In our family, we’ve tried hard to follow the commandment to remember the Sabbath day and keep it holy.
For us, that means first and foremost going to church, to worship God and to learn His gospel. But beyond that, we try to spend the day doing only things that we feel will bring us closer to Him and closer together as a family. We read scriptures, play games, go for walks or bike rides, we read books and listen to uplifting music, and we (meaning the girls) watch pre-approved (by Mom & Dad) “Sunday shows”. Veggie Tales, Signing Time, and those free-if-you-listen-to-the-5-minute-shpiel Living Scripture videos are the norm, but we’ve enjoyed some good family time watching Planet Earth and The Muppet Show as well.
We’re somewhat flexible about what we do and don’t do on Sundays. We try to avoid working, but how you define “work” is pretty broad. We don’t shop, eat out, or buy gas, we don't build furniture or paint the house, and we try not to do anything that would cause other people to work, either. But we sometimes go to the garden and harvest the fruits of our labors, and if we pull a few weeds while we're there, well, we're just beautifying the land, right? And we did spend the last two Sunday afternoons making salsa, so make of that what you will. As a general rule, we don’t do playdates or go to birthday parties on Sundays, although we have made a couple of exceptions when circumstances call for it (the Orthodox Jewish friend, for example, who wasn’t going to have a party on a Saturday, ever.)
However, one type of work that seems to be a given to avoid on Sunday is cleaning the house.
Don’t get me wrong, I think it’s part of the general idea of that 4th Commandment.

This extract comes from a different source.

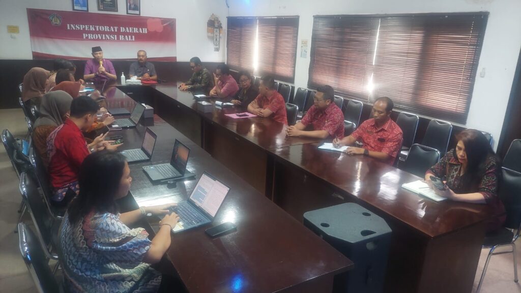Jumat, 15 Maret 2024 bertempat di Ruang Rapat Sabha Adhyasta Madya Kantor Inspektorat Daerah Provinsi Bali dilaksanakan Piloting atas Petunjuk Teknis Pengawasan Isu Kewilayahan Pendidikan dari BPKP Deputi Bidang Pengawasan Penyelenggaraan Keuangan Daerah pada Pemerintah Provinsi Bali

I know my thoughts are certainly not centered on Christ while I’m cleaning the bathroom or shouting at the kids to pick up their stuff. But I’m starting to think there’s a fine line between keeping the Sabbath day holy and keeping the mother’s sanity whole.
See, when we don’t clean up on Sunday, I end up hating life on Monday. The house is an overwhelming disaster and I have no motivation to do anything about it. None whatsoever. And when the house is messy, it makes me grumpy. And we all know, if mama ain’t happy, ain’t nobody happy.

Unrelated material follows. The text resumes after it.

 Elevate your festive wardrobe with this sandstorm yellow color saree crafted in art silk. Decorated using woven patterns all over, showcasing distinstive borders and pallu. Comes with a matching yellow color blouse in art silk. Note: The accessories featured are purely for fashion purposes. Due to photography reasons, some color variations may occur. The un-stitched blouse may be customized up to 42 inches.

So now I’ve started dreading Sundays. Because they’re no longer really a day of rest. Because I know we’ll make a big breakfast in the morning (church doesn't start until 1:00; we can do this), which we will then not clean up because we’ll be too busy hurrying to get everyone and the lessons they're supposed to be teaching ready for church. I know I’ll sit though church with three restless children who really do love the Lord but would rather worship Him in their own way, a way as yet undefined, but which clearly doesn’t involve sitting on a bench listening to grown-ups talk (I’m willing to bet it sounds to them like all the adults in the Peanuts shows.) I know we’ll come home to a house that was torn half apart while they waited for church time, only to tear the rest of it apart while they wait for bedtime. I know Chris and I will inevitably sit around reading or working on the computer, on the surface simply enjoying our day of rest, but really surreptitiously avoiding the kitchen clean-up, each hoping the other will decide to tackle it. And then we’ll wrestle the kids into bed, and while Chris is reading stories I’ll do a half-hearted pick-up, loading up and starting the dishwasher at least, knowing full well that Monday will be painful, but feeling powerless to stop it. It’s a vicious cycle.
It seems to me this whole “day of rest” business is just being taken too far around here. I’m all for following the Lord’s example and laboring for six days while resting on the seventh. But I’m pretty sure He didn’t do two days’ worth on the first day. I know in a few hours, when I make my daily “Jobs time!” shout-out, there will be weeping and wailing and gnashing of teeth, and not just from me. How do other people with kids make it though Sundays, into Monday, with their sanity still intact? I’d really like to know.
And now, as I have written all I have to say on the matter, I have no more excuses. Time to tackle me some mess.